The adversarial method is best known from its use in law. The theory (which is at least as degenerate in law as it is in philosophy) is that if equally matched opponents argue opposite sides of a matter, the side of the truth will be at an advantage. For this reason, no matter how obvious a person's guilt seems, her trial is not judged to be valid unless she has adequate representation. She must have an attorney who has done a competent job of defending her.
We do this in philosophy. When we are trying to determine the strength of a position, one person attacks it and another defends it. This is often the best way (though not always the best way, and never the only way) to test the strengths of positions. Note, however, that it only works if the two sides are equally matched. This is why one of the most important skills that philosophers (should) learn as undergraduates is to present the strongest possible argument for a position they disagree with. It is often best for a view to be defended by someone who actually believes in it, and attacked by someone who doesn't believe in it, but sometimes we need to evaluate a position and we don't have a believer available.
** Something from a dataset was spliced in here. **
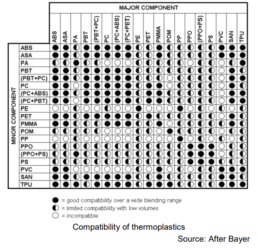 Common polymers such as polypropylene (PP), polyethylene (PE), ABS Plastic, PC and PS are already recyling at scale.

For this reason, even the structure of many single-author papers exhibits the adversarial method: the author first builds up the position under discussion and presents arguments for it, then attacks it. If she actually agrees with the position, she will conclude by rebutting the attacks. The adversarial method.
How do we ensure that the two sides are equally matched? Well, when your "opponent" is struggling to find a good argument for his position (or against yours), you have to help him out. I think (or at least I hope) philosophy professors do this for their undergrads all the time. We have to get the strongest form of the position, and the strongest arguments for it, in order to be able to evaluate whether our attacks against it succeed; otherwise, we are in danger of the strawman fallacy.
What this reveals is, in part, that one of the ways in which the "blood sport" method is degenerate is that it's about winning. But philosophy isn't about winning; it's about understanding. When we want the other person's position to fall, or we don't want our own position to fall, then we are not loving wisdom or pursuing truth. Instead, we are loving and pursuing victory (or, in the defensive case, hating and fleeing defeat).
Now, there was an interesting remark from Ted Brennan in the Leiter post:
Journalists are surprised that academics can be short with them because they last met academics in the classroom, and most professors are kind and generous when dealing with students. Serious academics save their scathing put-downs for colleagues and equals--I doubt that those quotes from Fodor and Sterelny document interactions with students.Instead of feeling pained and affronted, the bloggers and journalists should take it as a compliment: 'hey, those academics are treating me like an equal!'
This is the method I try to use in most of my philosophizing, including discussions on this blog. I encourage you all to call me out when I don't live up to it.